• **Task brief**: When the line with "BUBBLE BEADED OPEN" turns up below, begin repeating exactly, and carry on through the line with "Guide to Buying"; no pictures go into the copy.

• **Given records**:
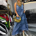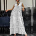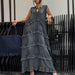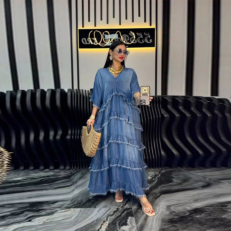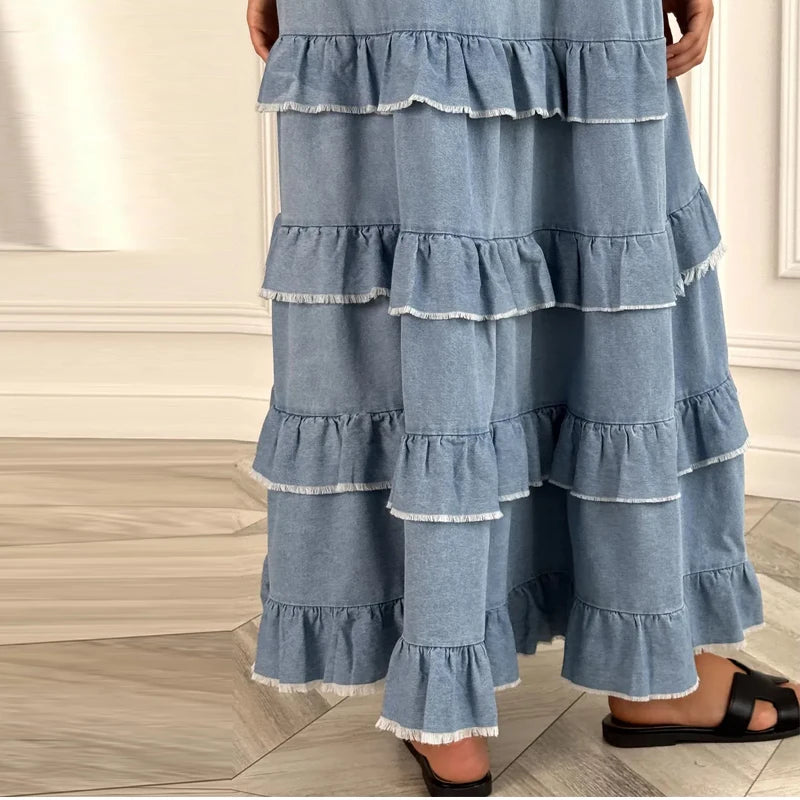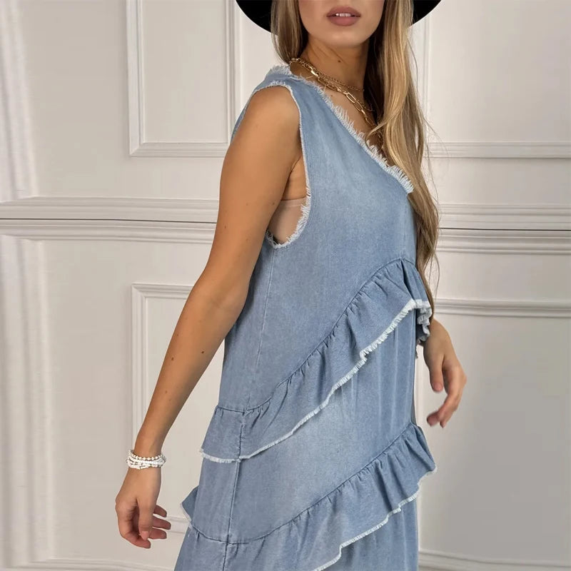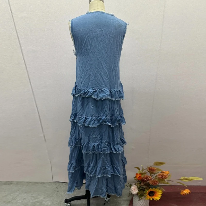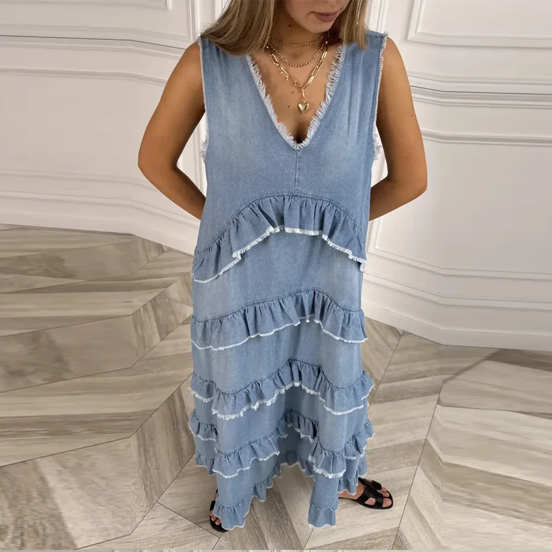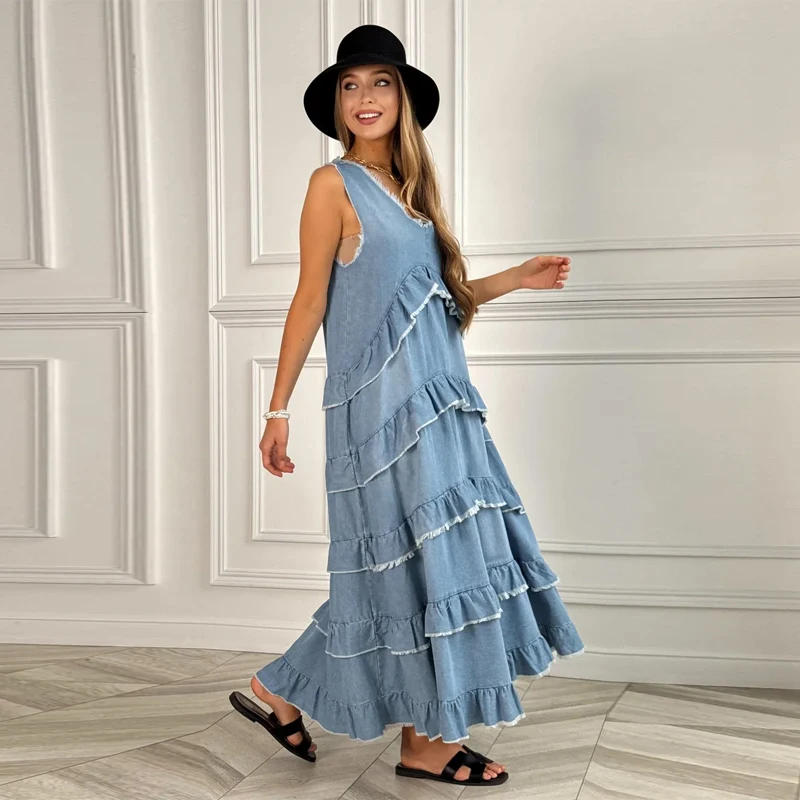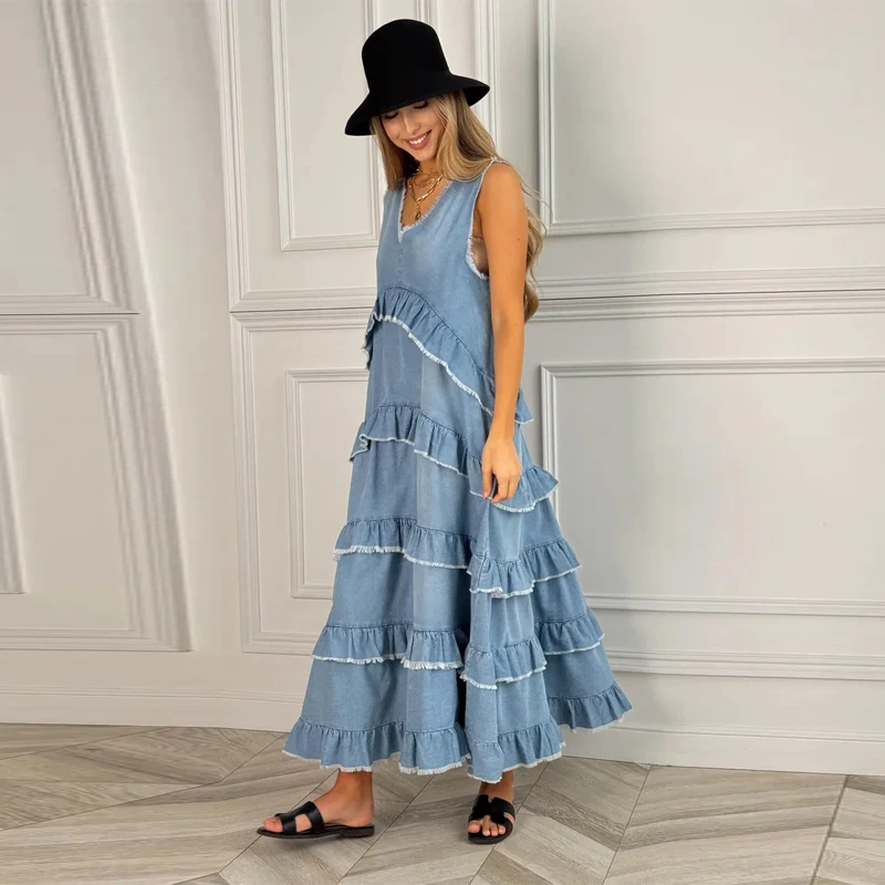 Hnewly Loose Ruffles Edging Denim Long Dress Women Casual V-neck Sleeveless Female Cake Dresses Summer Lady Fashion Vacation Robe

---

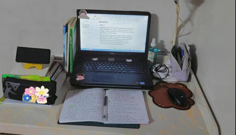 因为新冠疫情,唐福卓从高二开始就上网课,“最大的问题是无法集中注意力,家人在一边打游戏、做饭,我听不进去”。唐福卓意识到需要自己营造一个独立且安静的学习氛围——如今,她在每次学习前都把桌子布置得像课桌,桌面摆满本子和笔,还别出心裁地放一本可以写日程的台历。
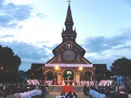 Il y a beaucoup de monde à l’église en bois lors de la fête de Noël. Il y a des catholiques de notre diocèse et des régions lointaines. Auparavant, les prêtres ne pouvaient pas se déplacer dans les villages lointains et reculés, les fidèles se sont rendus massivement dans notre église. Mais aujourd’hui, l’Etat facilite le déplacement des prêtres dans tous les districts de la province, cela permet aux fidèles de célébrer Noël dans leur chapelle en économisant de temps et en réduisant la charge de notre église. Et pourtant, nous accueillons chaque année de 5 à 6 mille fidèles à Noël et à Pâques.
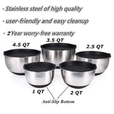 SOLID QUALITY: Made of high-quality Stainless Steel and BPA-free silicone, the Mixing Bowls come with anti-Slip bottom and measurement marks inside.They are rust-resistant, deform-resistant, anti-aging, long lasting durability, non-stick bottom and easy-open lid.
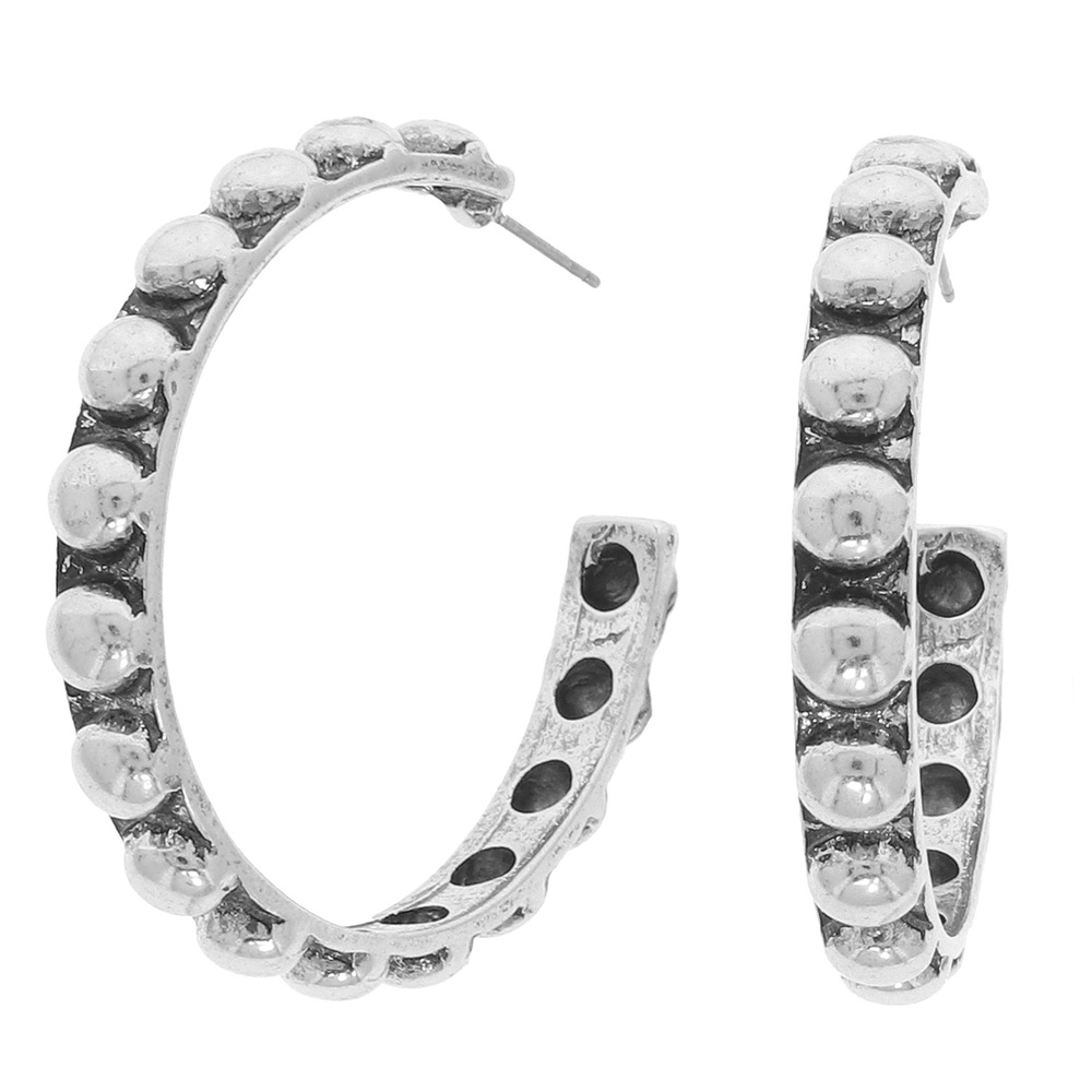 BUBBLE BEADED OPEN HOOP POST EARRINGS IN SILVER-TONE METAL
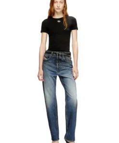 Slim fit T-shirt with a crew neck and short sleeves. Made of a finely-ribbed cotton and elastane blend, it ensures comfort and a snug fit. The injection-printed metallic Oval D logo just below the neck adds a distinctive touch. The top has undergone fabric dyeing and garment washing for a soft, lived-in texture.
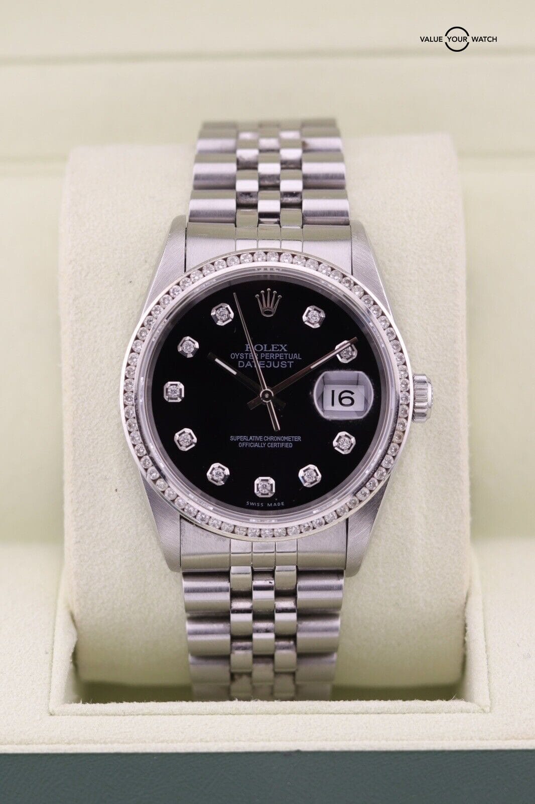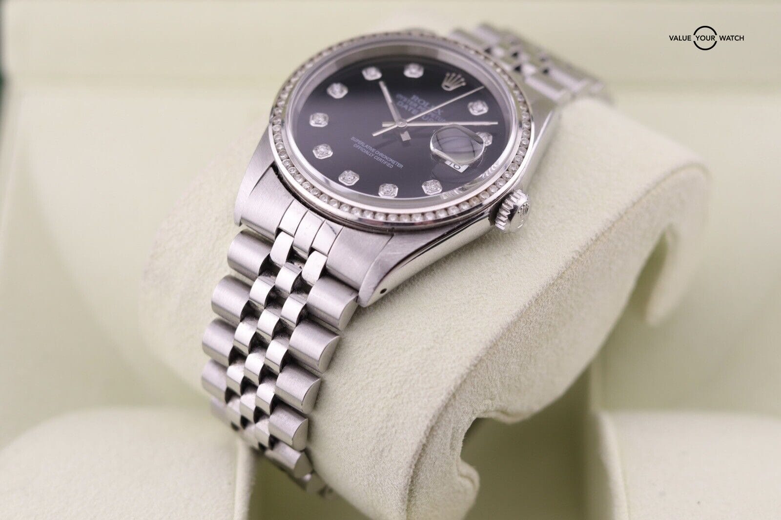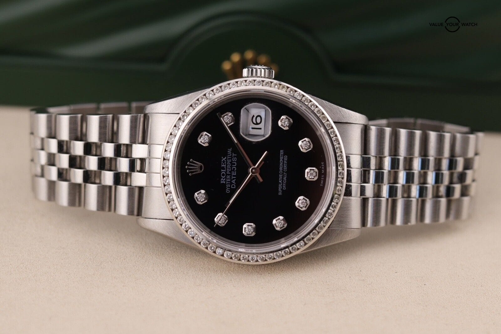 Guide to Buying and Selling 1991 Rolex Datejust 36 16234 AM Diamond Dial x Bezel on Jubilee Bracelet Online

• **Finished exercise**:
 BUBBLE BEADED OPEN HOOP POST EARRINGS IN SILVER-TONE METAL
 Slim fit T-shirt with a crew neck and short sleeves. Made of a finely-ribbed cotton and elastane blend, it ensures comfort and a snug fit. The injection-printed metallic Oval D logo just below the neck adds a distinctive touch. The top has undergone fabric dyeing and garment washing for a soft, lived-in texture.
 Guide to Buying and Selling 1991 Rolex Datejust 36 16234 AM Diamond Dial x Bezel on Jubilee Bracelet Online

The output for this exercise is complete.